I heard the crash that killed the Hilton Head teacher. I won’t turn at that light again.
It was awful, and I knew it instantly.
I was working at my desk Tuesday afternoon when I heard it.
It was a deep, dull boom — loud enough to jerk me to attention, and I was a long way from it.
Then I heard screeching tires and I knew what the sound was.
It was a collision on U.S. 278 at Buck Island Road in Bluffton, outside The Island Packet’s offices.
That sound won’t be leaving my mind for a long time, if ever.
That’s the way it is in newspaper work. I can ride around peaceful streets on Hilton Head Island and Bluffton and be the only one on the road to see images that never go away. Like the spot at the edge of the highway where a woman’s shoe was left after she had been hit by a car. Or I see that tree where tape from a cassette player dangled like Christmas tinsel the morning after a speeding teenager hit the tree and was killed.
I know police and EMTs — and newspaper people — steel themselves against the emotional toll of the sights they see.
In this case, they all responded quickly and tried their hardest. They brought in a helicopter to get the worst case to the right hospital as quickly as possible.
But that awful thud got much worse the next day when we learned the collision had claimed the life of a young school teacher and her unborn baby. Her husband was driving. They say there was nothing he could have done to avoid the collision.
Everyone involved would do anything to turn that clock back a half minute and prevent that awful thud.
I go through that crossing every morning coming to work.
Well, I should say I used to do that.
This morning, I didn’t have the stomach to make that left turn across three lanes of U.S. 278 with cars and massive trucks barreling out of a curve at who knows what speed.

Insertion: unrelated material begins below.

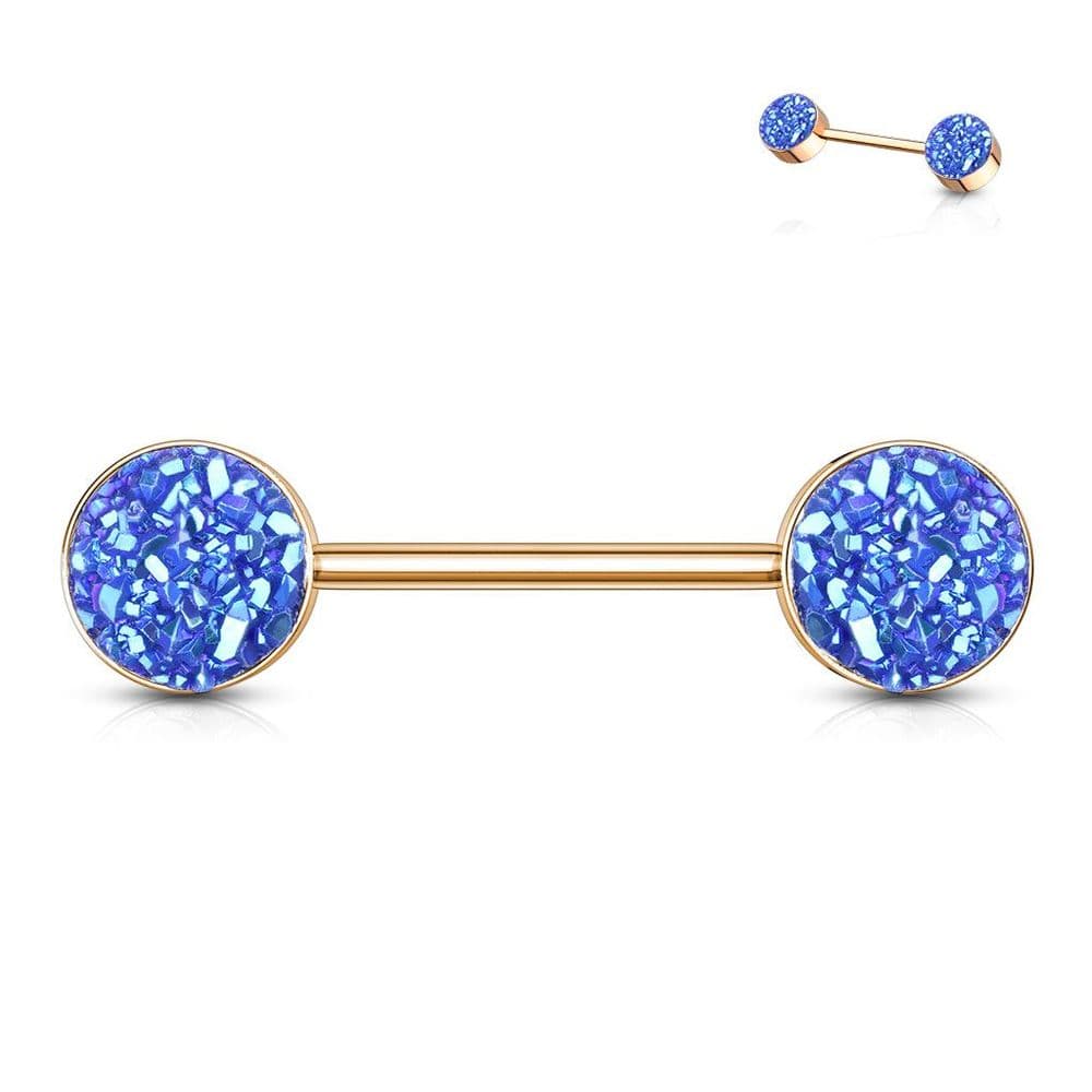 Druzy Stone Set Ends Nipple Bar {Rose Gold + Blue} - Rose Gold w/ Blue is backordered and will ship as soon as it is back in stock.

I took the flyover from Hilton Head and came down Bluffton Parkway.
People I work with have been in bad wrecks at that Buck Island Road intersection.
Things improved when they installed a traffic light. But as highway department people have always said, a traffic light does not end all wrecks at an intersection.

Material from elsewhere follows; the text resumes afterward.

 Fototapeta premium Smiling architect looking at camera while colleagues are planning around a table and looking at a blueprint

But now they have something going on there that I don’t understand.
The light for drivers turning from U.S. 278 on to Buck Island Road sometimes flashes yellow. It used to be green when all others were stopped and you could turn left, safely. Or it would be red, and you had to stop and wait for it to turn green, even if it looked clear to go ahead and turn.

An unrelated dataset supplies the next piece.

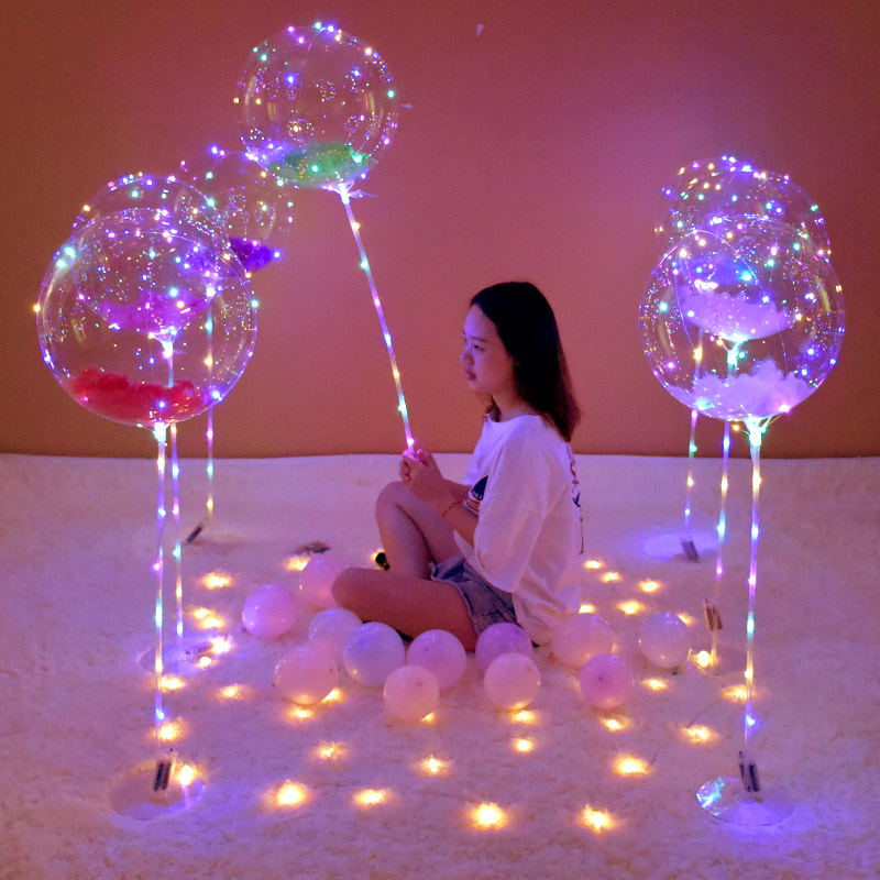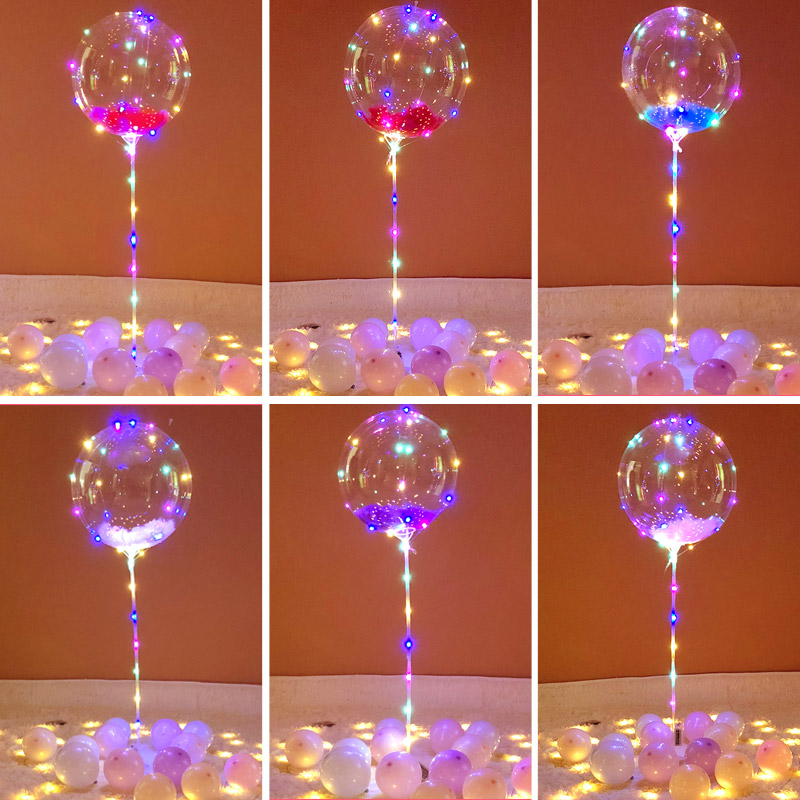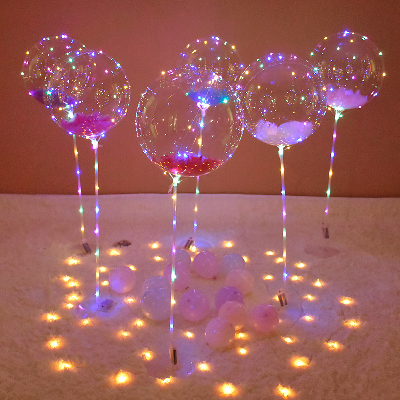ins net red transparent wave feather with lamp luminous balloon street selling children's adult birthday arrangement decorations

I don’t know the details of the collision that claimed the young school teacher. The Bluffton Police say a car stalled as it made that left turn.
I don’t know if the blinking yellow light was in effect, or is considered a factor.
But I do know offering the yellow-light option there is a bad idea. Changing that is one small thing that could easily improve safety of that intersection.
The flashing yellow light is not a fair option to those who still have the nerve to use that intersection. Or to those who can still hear the thud.